The silver hammer striking the golden spike would signal the completion of the first large government-funded infrastructure project in the United States—and one of the greatest engineering feats in human history. It would mark the unlikely realization of ambitious dreams, the political will of the nation’s greatest leaders, an appetite for risk among some of the leading businessmen, and the determination, coordination, persistence and muscle of a multinational workforce of men unequaled in that century or since.

It was May 10, 1869. The day was clear and the sky, after a few days of steady rain, was a bright blue.

Situated as it was before the days of radio, television or the Internet, citizens of the young nation were unused to knowing about events of such magnitude, much less the moment they happened. Thanks to the telegraph, such a thing was possible.

Leland Stanford

One problem did materialize, though. Stanford missed the spike, striking the rail instead. No matter. The telegraph operator closed the circuit and the message was transmitted throughout the vast telegraphic network that reached dozens of cities in the United States and all the way to London.

In San Francisco, the celebrations began on May 8 and ran through the day of the Golden Spike, as the “City by the Bay” had much to gain from a reliable transportation connection to the East. In Chicago, they held a 4-mile-long parade. Philadelphia rang the Liberty Bell for an hour. New York celebrated by firing 100 guns into the air. In fact, so many guns and cannons were fired across the the United States that day, commentators remarked that more gunpowder was likely expended than during the Battle of Gettysburg.

The exaltation was warranted, as the Golden Spike marked a watershed moment in the country’s history. The thin ribbon of iron that ran from Omaha to Sacramento marked the nation’s confident entrance into the industrial phase of its future.

It connected Western settlers back home. Instead of mail taking months, it took days.

Before the transcontinental railroad, those on the East Coast hankering to reach California could go one of three ways, all of which took months and carried an abundance of dangers—overland with the specter of thirst, hunger and hostile natives; sailing around Cape Horn at the south end of South America; or using the shortcut over the Panama isthmus with its jungle and deadly fevers.

The Emigrant Gap Tunnel, wall and snow shed along the Central Pacific line over the Sierra, photo by Alfred A. Hart, courtesy Department of Special Collections/Stanford University Libraries

The railroad also fully unlocked the economic might of the mineral-rich West, with its gold, silver and fertile agricultural land, the product of which could finally be shipped to all corners in a timely manner. 

But most of all, it forged a continental bond for the young American nation and truly cinched the promise of Manifest Destiny.
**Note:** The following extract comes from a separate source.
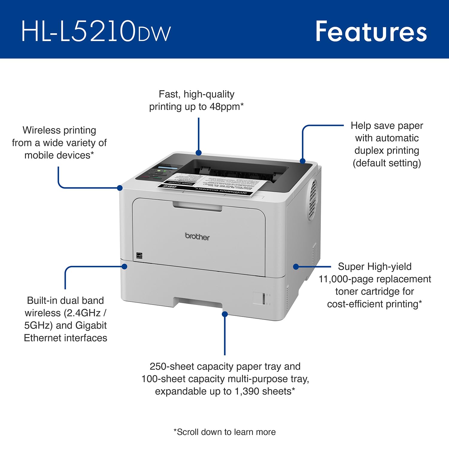 Details: The Brother HL-L5210DW business monochrome laser printer is a great choice for busy offices and small workgroups that need cost-efficient printing, versatile paper handling, advanced security features, and reliable, high-quality output. This high-performance printer helps to increase productivity with a fast print speed of up to 48ppm(1). Delivers cost-efficient printing by using the Brother Genuine TN920XXL super high-yield 11,000-page replacement toner cartridge. Includes a Brother Genuine 3,000-page toner cartridge(2). 250-sheet capacity paper tray is adjustable for letter or legal-sized paper and the 100-sheet capacity multipurpose tray is ideal for printing on custom media or envelopes(3). Total capacity is expandable up to 1,390 sheets with optional trays(4). Features built-in Gigabit Ethernet and dual band wirelessnetworking to seamlessly set up and share on your wired or wireless network. Easily print from a wide variety of mobile devices(5). Triple Layer Security features help to limit document and device access and protect against network intrusions. ENERGY STAR® certified and EPEAT® Silver rated. Help save paper with default duplex printing. Eco Mode helps to reduce power consumption, while Toner Save Mode helps to reduce toner use. One-year limited warranty with free online, live chat, or phone support for the life of your product. 1 Based on one-sided printing. Change from default setting required. 2 Approximate toner cartridge yield in accordance with ISO/IEC 19752 (letter/A4). 3 Maximum capacity based on using 20 lb. paper. 4 Requires additional purchase. 5 Additional download required. Compatibility may vary by device or operating system. Wireless connection may be required

As Walt Whitman wrote of the railroad in a poem published in 1870:

The earth to be spann’d, connected by network,     

The races, neighbors, to marry and be given in marriage,   

The distant brought near, 

The lands to be welded together.

Long Ravine Bridge near Colfax crosses 120 above the ravine below, photo by Alfred A. Hart, courtesy Department of Special Collections/Stanford University Libraries

 

The Dreamer

In a complex enterprise involving such a vast throng of workers, superintendents, foreman, surveyors, engineers, chemists, inventors, capitalists, financiers, politicians and visionaries, it would appear ridiculous to single out one man as the individual responsible for bringing about the Transcontinental Railroad.

Theodore Judah

But if one were forced to choose, that man would be Theodore Judah.

Today, skiers who flock to Sugar Bowl Resort on Donner Summit often journey to the top of the mountain named in his honor without knowing the instrumental contributions he made to the region and the nation as a whole.

Unlike many of the men remembered from that era, Judah was not a robber baron, someone with ready access to capital or a particularly well-connected man who could grease the wheels of politics. Instead, he was a dreamer, a man they used to call “Crazy Judah,” who had the impudence to envision the Transcontinental Railroad and the guts and tenacity to see it through.

The idea of a railroad connecting the East to the West had gained currency in public discourse first in the 1830s, but the discovery of gold at Sutter’s Mill outside Coloma in 1848 and the subsequent California Gold Rush only increased the demand for rapid and convenient transportation across the continent. However, a bitterly polarized Congress in Washington D.C. made the prospect of such an enormous national infrastructure project seem infeasible.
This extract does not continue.